═══ Study material ═══

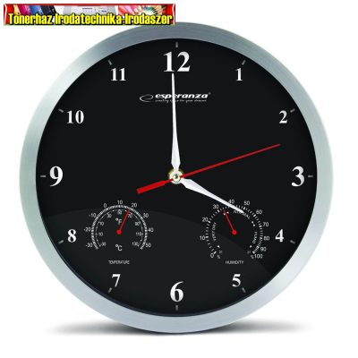Ez az óra nem csak a pontos időt mutatja, hanem a szoba hőmérsékletét és a páratartalmat is. Rendkívül elegáns és stílusos kialakításának köszönhetően kiválóan alkalmas lakások, irodák, üzletek vagy éttermek díszítésére. A nagyméretű tárcsa megkönnyíti az idősebb emberek számára az idő leolvasását a szobában, bárhol. Átmérő: 30 cm Vastagság: 4cm Anyag: Alumínium keret Óra tárcsás lemez: art papír Tápegység: 1x AA elem (nem tartozék) Csendes mozgás - zökkenőmentes működés, Rendkívül pontos mechanikus mozgás: kvarc, Beágyazott akasztó az egyszerű telepítéshez, Mérések: hőmérséklet és páratartalom Mérési hőmérsékleti tartomány: -30 ° C ~ + 50 ° C, -30 ° F ~ 110 ° F Páratartalom mérési tartomány: 0 ~ 100% 1 év garancia Gyártó: Esperanza Szélesség cm: 31,6 Hosszúság cm: 4,6 Magasság cm: 31,5
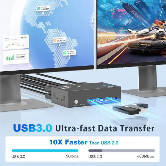 ^^ Adaptive EDID & Plug and PlayThis USB 3.0 KVM Switch features Adaptive EDID, ensuring stable and smooth image transmission by automatically optimizing display settings. Easy to install, this KVM switch requires no power supply or driver softwarejust plug it in and connect all the cables for seamless operation between two computers and one monitor. ^^ "What You'll Get We provide a lifetime warranty and 24-hour professional customer service and technical support for this KVM switch.
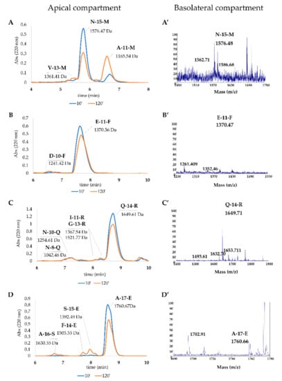 Uptake of the peptides by Caco-2 cells monolayer and their detection in AP and BL compartments. Each peptide (75 µg) was administered to the monolayer cells and samples of AP and BL were collected at the indicated time. (A–D) RP-HPLC chromatograms of the four peptides in the apical compartment at 10 and 120 min. (A’–D’) MS analysis of the peptides present in the basolateral side after 120 min.
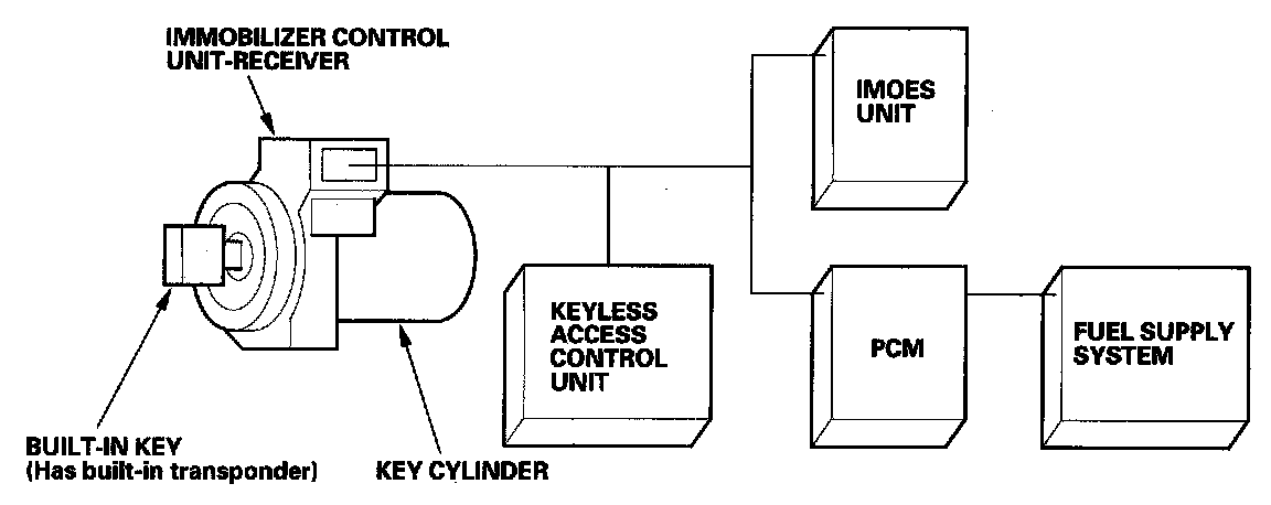 When the built-in key is inserted in the ignition switch and turned to the ON (II) position, the immobilizer control unit-receiver sends power to the transponder in the built-in key. The transponder then sends a coded signal back to the immobilizer control unit-receiver which then sends a coded signal to the PCM and the imoes unit. The PCM and the imoes unit identify this coded signal, then the fuel supply system is enabled.
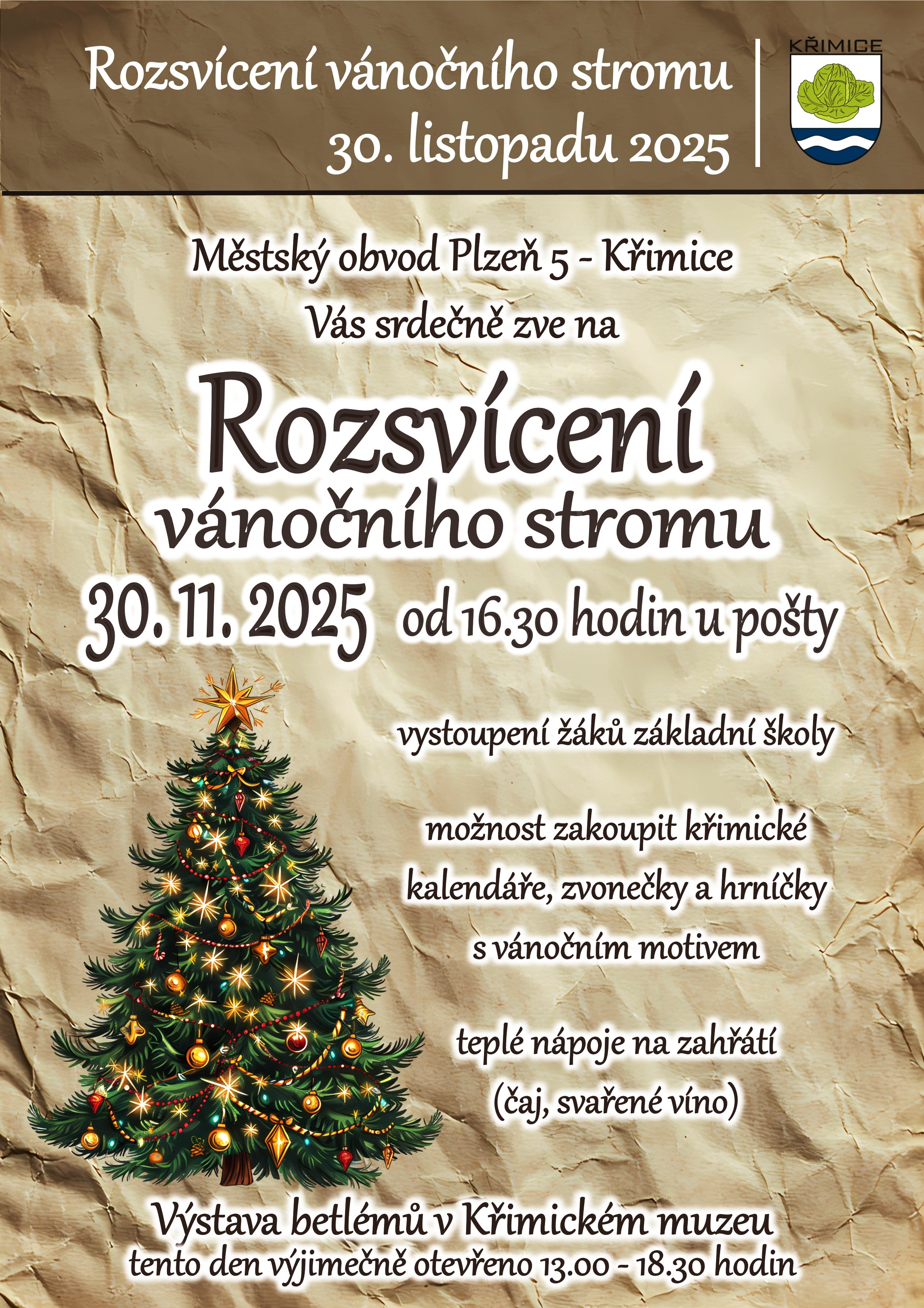 Městský obvod Plzeň 5 – Křimice srdečně zve všechny občany na slavnostní rozsvícení vánočního stromu.
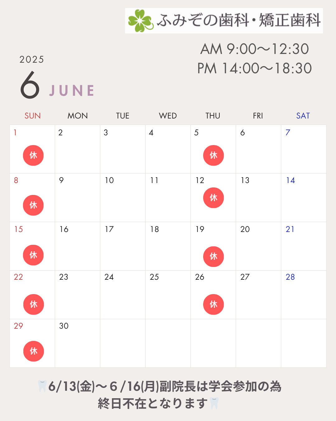 🐸2025年6月休診日のお知らせ🐸明日から6月スタートです!ジメジメ梅雨の時期になりますが、お口の中はスッキリ綺麗でいたいですね🦷✨6/13(金)〜6/16(月)の期間、副院長は学会参加の為、終日不在となります。一般歯科は予防処置のみとなりますので、よろしくお願いいたします。🙇🏻♂️6月もよろしくお願いいたします!✨
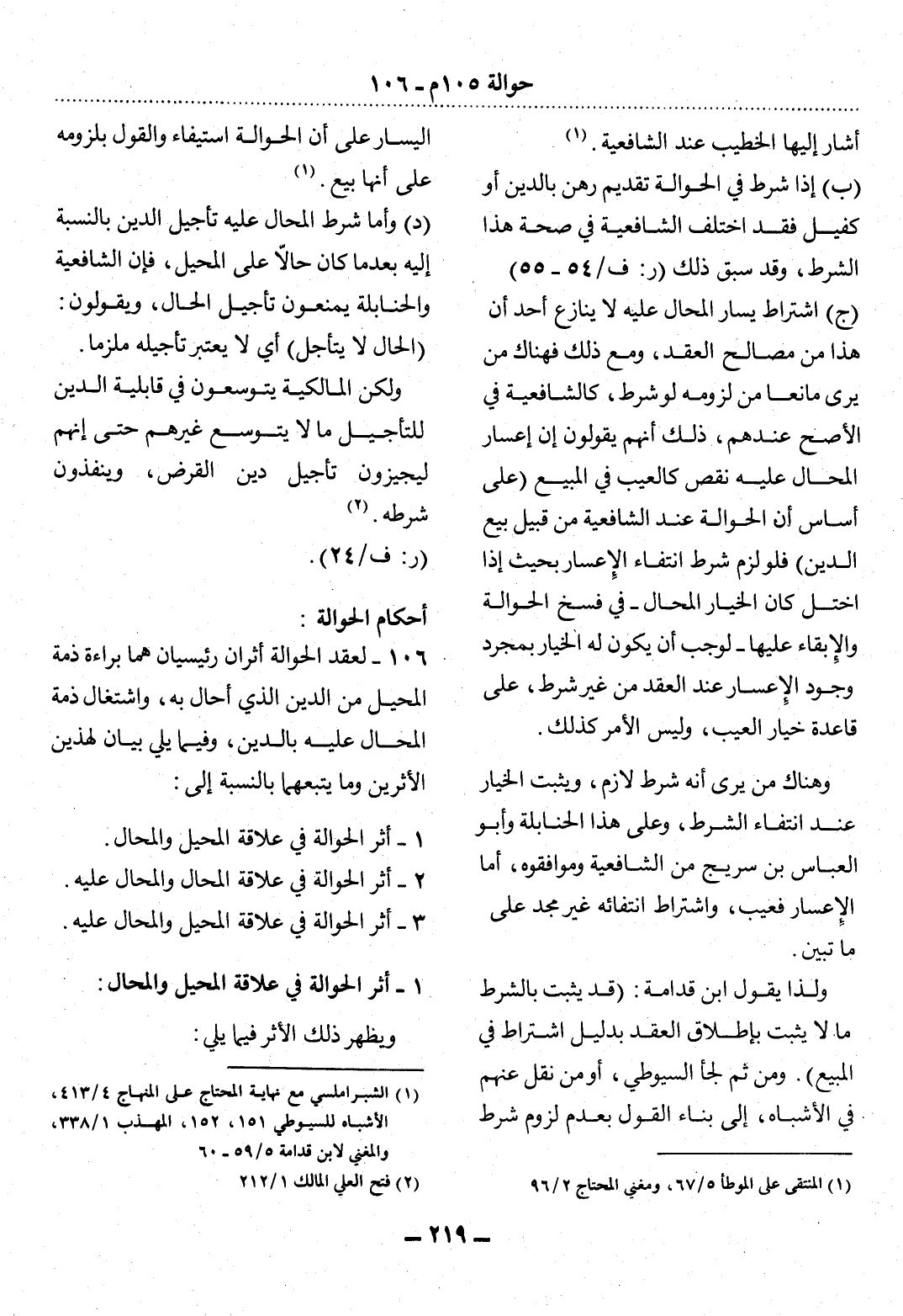 106 - لِعَقْدِ الْحَوَالَةِ أَثَرَانِ رَئِيسِيَّانِ هُمَا بَرَاءَةُ ذِمَّةِ الْمُحِيل مِنَ الدَّيْنِ الَّذِي أَحَال بِهِ، وَاشْتِغَال ذِمَّةِ الْمُحَال عَلَيْهِ بِالدَّيْنِ، وَفِيمَا يَلِي بَيَانٌ لِهَذَيْنِ الأَْثَرَيْنِ وَمَا يَتْبَعُهُمَا بِالنِّسْبَةِ إِلَى:
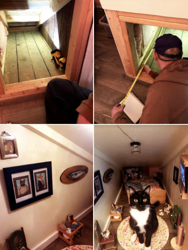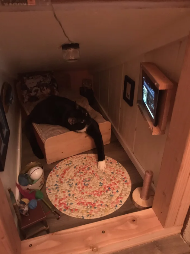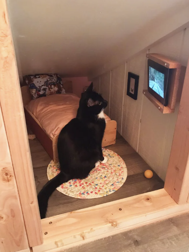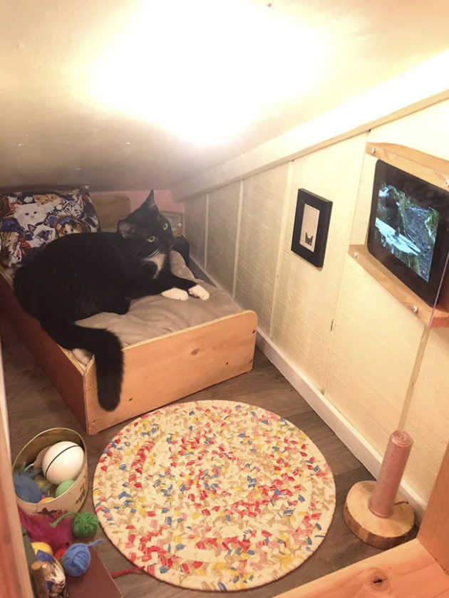 把拔好寵!改造牆後無用空間變「喵版小豪宅」 網羨慕:還有電視能追劇!

═══

What you have to do:
Starting at the line above that has "When the built-in" and ending at the line that has "Městský obvod Plzeň", copy each line exactly, leaving the pictures out and adding nothing.

Task solution:
 When the built-in key is inserted in the ignition switch and turned to the ON (II) position, the immobilizer control unit-receiver sends power to the transponder in the built-in key. The transponder then sends a coded signal back to the immobilizer control unit-receiver which then sends a coded signal to the PCM and the imoes unit. The PCM and the imoes unit identify this coded signal, then the fuel supply system is enabled.
 Městský obvod Plzeň 5 – Křimice srdečně zve všechny občany na slavnostní rozsvícení vánočního stromu.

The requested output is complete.